INPUT RECORDS below:

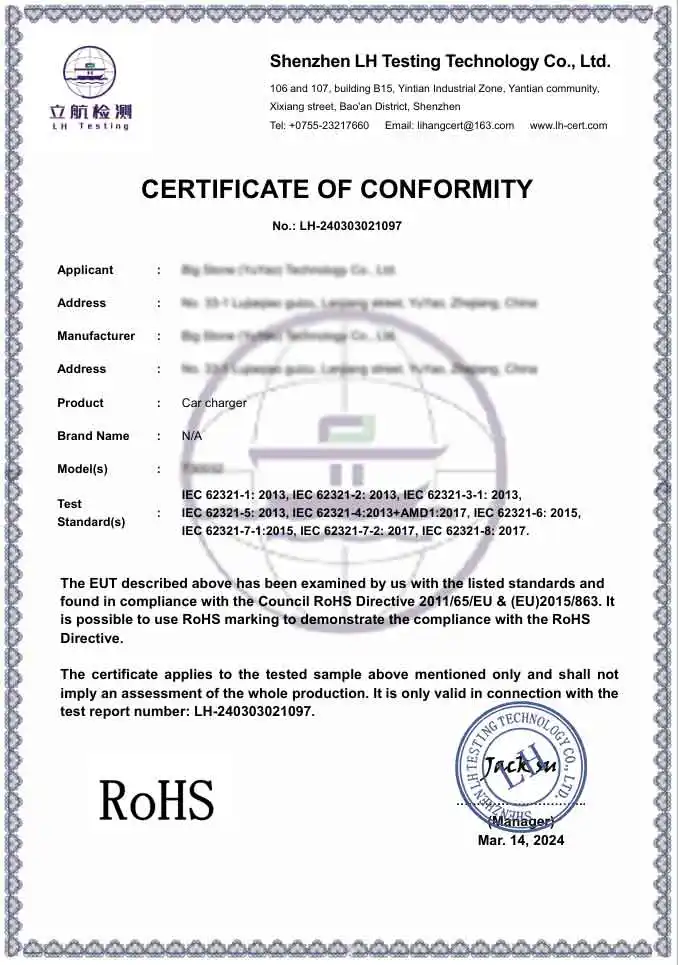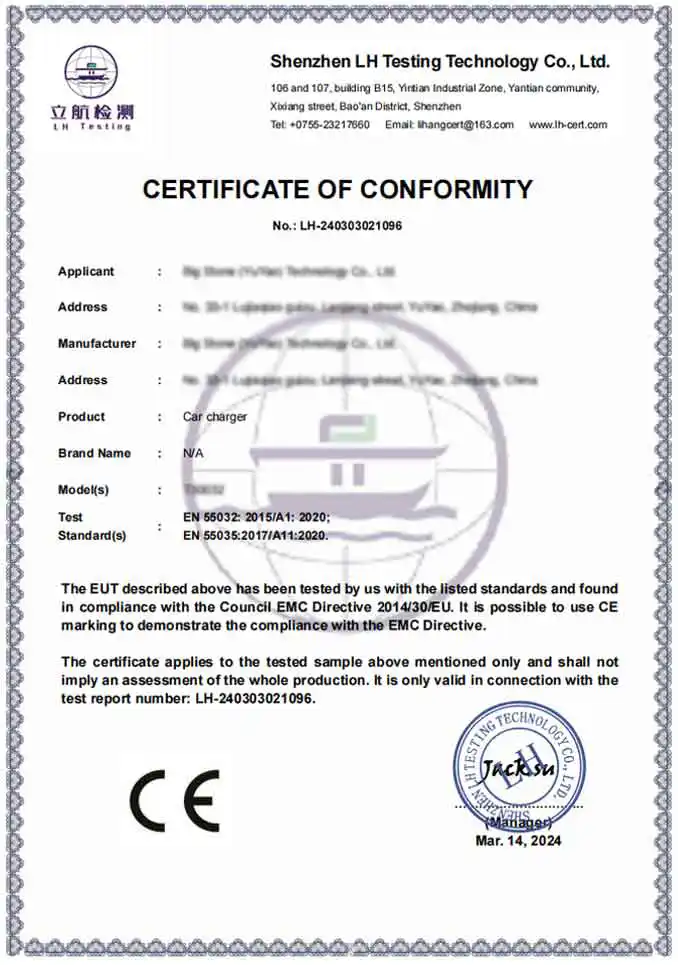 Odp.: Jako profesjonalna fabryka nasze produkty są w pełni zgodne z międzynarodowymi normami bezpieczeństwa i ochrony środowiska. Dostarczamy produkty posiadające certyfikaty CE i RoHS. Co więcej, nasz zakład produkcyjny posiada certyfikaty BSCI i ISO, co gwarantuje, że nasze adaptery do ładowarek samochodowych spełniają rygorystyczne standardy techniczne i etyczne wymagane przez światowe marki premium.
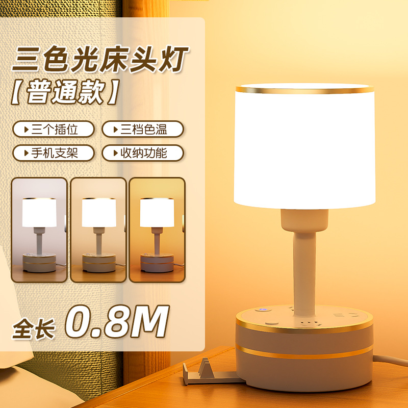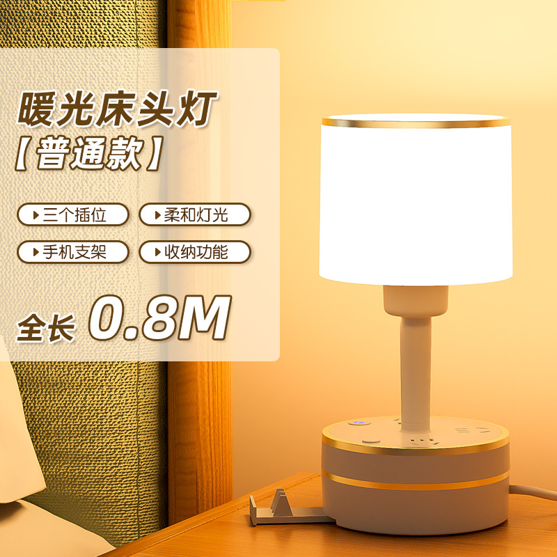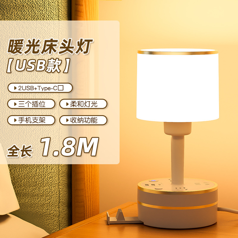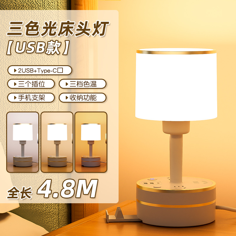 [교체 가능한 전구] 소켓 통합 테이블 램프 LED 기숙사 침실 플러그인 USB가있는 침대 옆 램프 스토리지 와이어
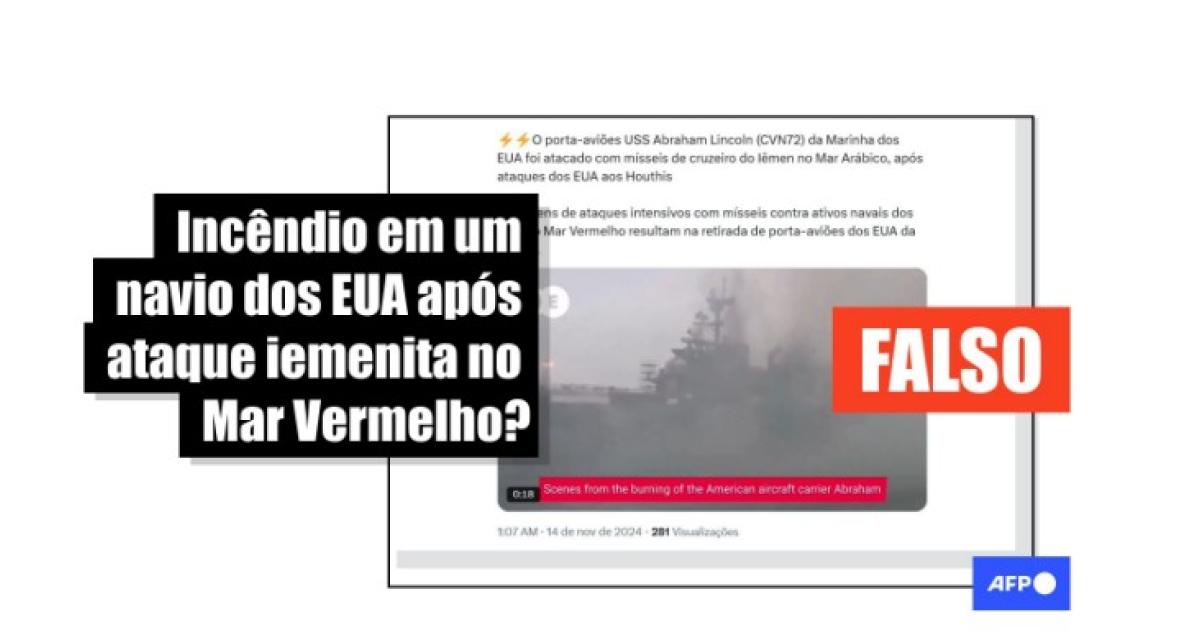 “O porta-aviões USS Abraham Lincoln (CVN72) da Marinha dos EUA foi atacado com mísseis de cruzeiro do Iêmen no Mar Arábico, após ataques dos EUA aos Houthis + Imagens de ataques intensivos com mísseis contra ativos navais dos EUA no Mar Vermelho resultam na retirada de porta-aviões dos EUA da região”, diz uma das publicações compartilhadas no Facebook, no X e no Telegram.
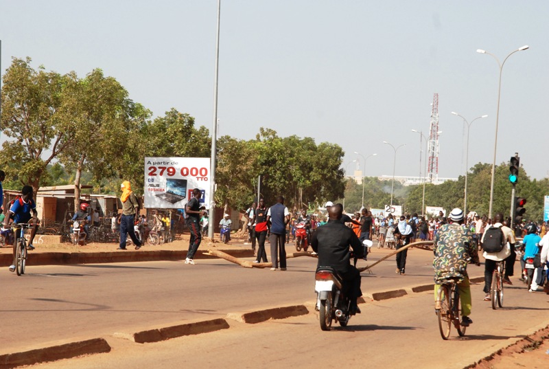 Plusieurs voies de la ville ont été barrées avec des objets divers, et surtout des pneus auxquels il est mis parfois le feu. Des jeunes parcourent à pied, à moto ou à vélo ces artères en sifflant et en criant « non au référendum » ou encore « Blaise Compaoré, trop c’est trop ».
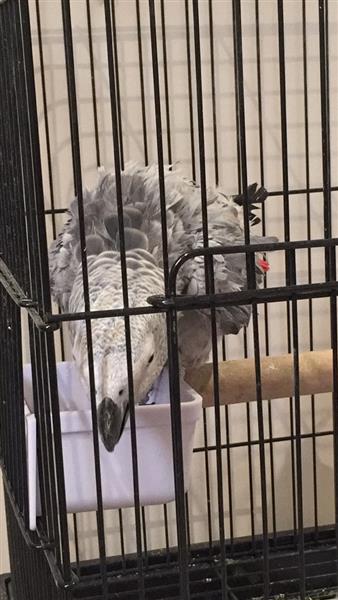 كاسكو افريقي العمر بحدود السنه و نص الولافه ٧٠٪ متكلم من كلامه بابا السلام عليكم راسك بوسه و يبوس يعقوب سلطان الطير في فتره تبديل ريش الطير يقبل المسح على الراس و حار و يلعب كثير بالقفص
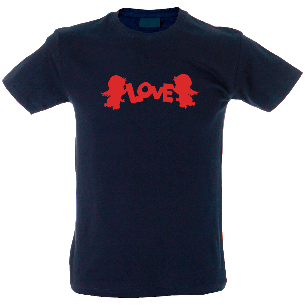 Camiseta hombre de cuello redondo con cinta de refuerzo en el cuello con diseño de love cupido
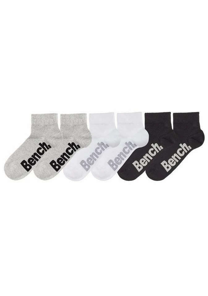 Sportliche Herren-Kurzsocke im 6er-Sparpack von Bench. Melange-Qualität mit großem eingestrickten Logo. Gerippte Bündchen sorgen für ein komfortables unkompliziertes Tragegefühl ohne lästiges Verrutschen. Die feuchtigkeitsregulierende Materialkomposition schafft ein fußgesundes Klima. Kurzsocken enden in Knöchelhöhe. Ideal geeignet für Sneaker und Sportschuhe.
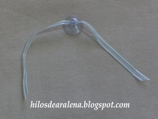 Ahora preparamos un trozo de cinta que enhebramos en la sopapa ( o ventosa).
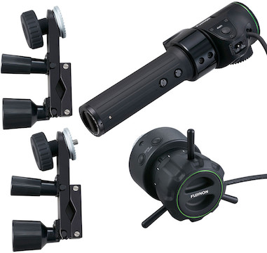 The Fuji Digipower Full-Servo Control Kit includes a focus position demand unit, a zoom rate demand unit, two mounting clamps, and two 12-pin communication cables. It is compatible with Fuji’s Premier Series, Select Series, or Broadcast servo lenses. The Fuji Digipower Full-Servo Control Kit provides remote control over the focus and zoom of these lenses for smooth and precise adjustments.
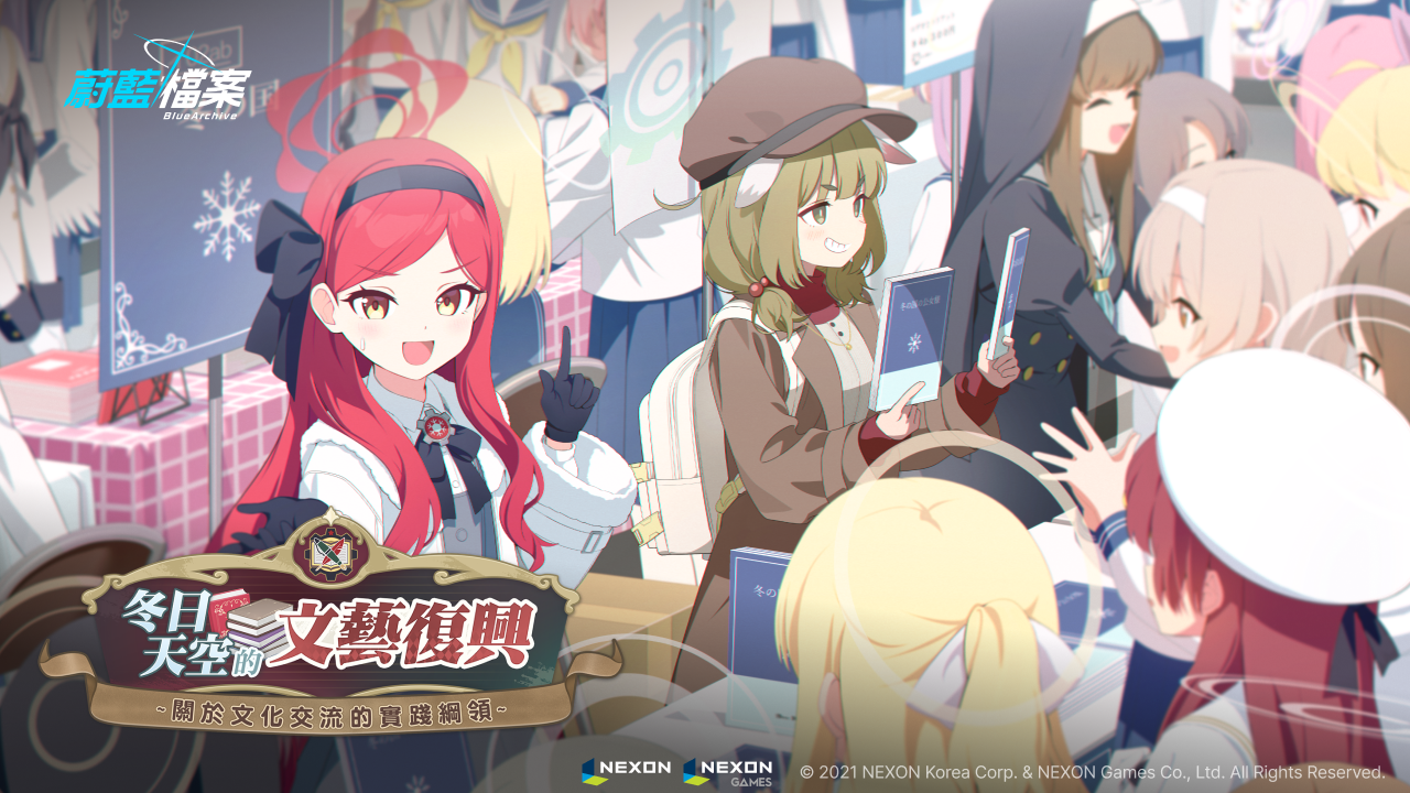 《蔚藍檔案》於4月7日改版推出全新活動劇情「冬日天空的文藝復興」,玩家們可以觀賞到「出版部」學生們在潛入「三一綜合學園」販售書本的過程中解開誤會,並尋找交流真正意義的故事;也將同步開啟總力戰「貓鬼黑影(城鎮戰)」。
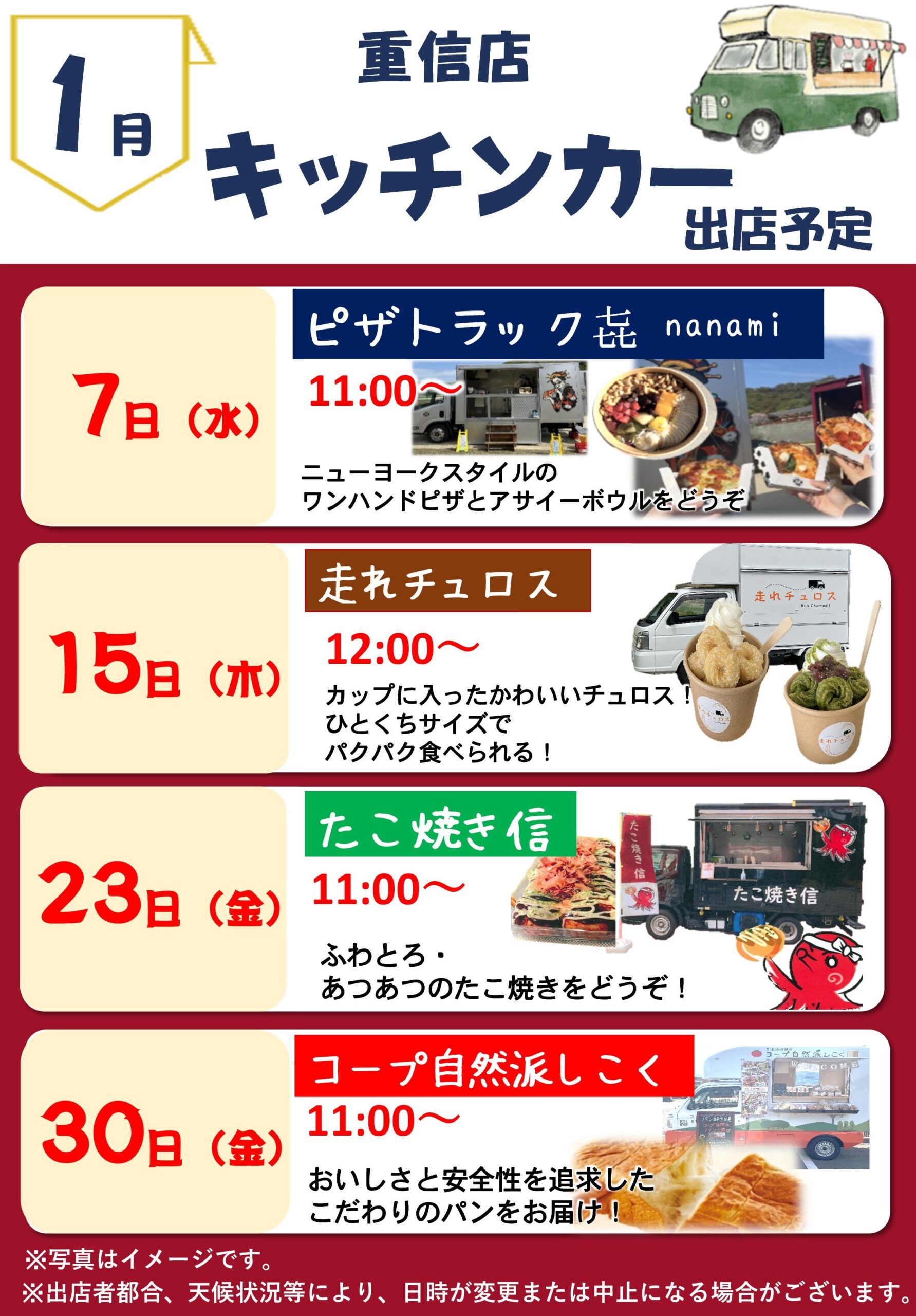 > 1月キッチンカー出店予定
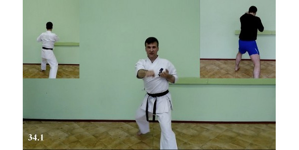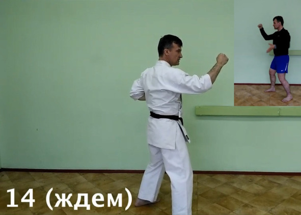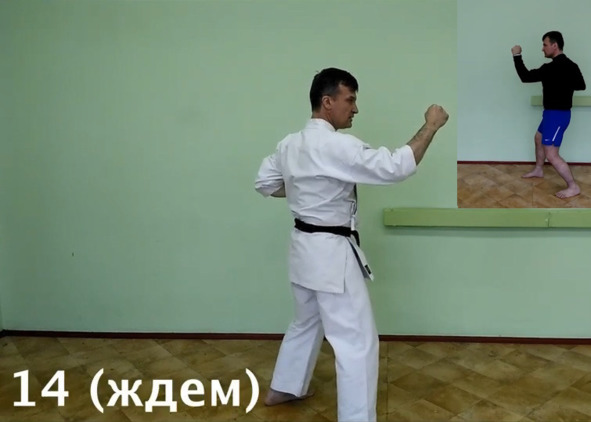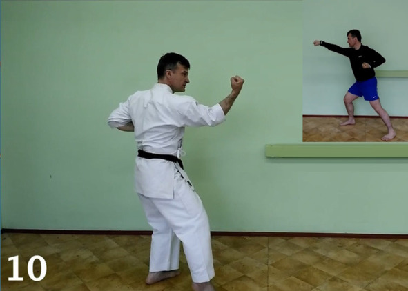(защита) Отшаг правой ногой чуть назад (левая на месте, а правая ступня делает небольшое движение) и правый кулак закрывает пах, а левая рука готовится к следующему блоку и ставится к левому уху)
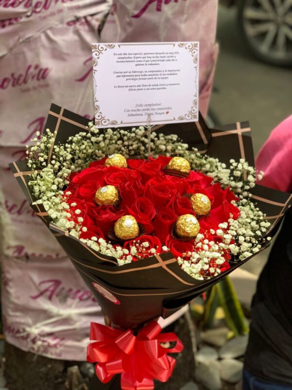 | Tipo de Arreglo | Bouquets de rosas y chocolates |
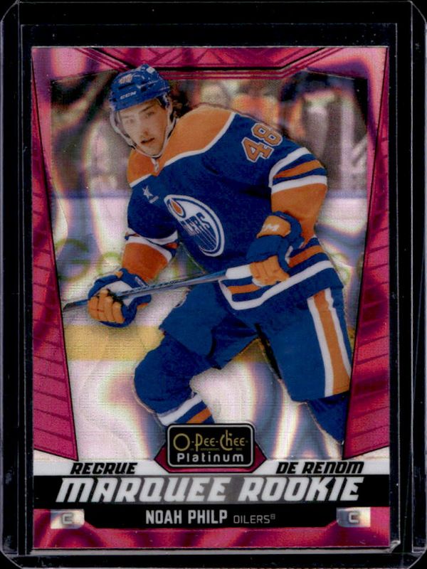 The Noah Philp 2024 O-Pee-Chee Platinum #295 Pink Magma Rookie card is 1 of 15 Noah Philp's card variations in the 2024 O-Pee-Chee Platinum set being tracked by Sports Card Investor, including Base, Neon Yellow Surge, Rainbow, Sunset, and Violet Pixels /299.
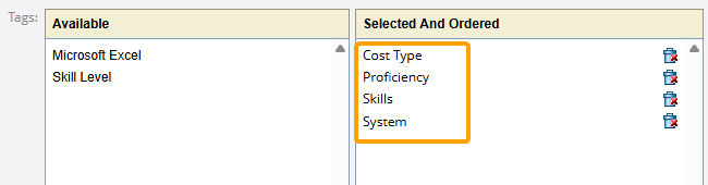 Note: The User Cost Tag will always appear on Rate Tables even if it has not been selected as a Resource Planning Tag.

End of INPUT RECORDS.

▶ TASK: All pictures are to be skipped; the lines from the first line of the records through the line containing "[교체 가능한 전구]" are to be repeated exactly, both ends included.

▶ RESULT OF THIS TASK:
 Odp.: Jako profesjonalna fabryka nasze produkty są w pełni zgodne z międzynarodowymi normami bezpieczeństwa i ochrony środowiska. Dostarczamy produkty posiadające certyfikaty CE i RoHS. Co więcej, nasz zakład produkcyjny posiada certyfikaty BSCI i ISO, co gwarantuje, że nasze adaptery do ładowarek samochodowych spełniają rygorystyczne standardy techniczne i etyczne wymagane przez światowe marki premium.
 [교체 가능한 전구] 소켓 통합 테이블 램프 LED 기숙사 침실 플러그인 USB가있는 침대 옆 램프 스토리지 와이어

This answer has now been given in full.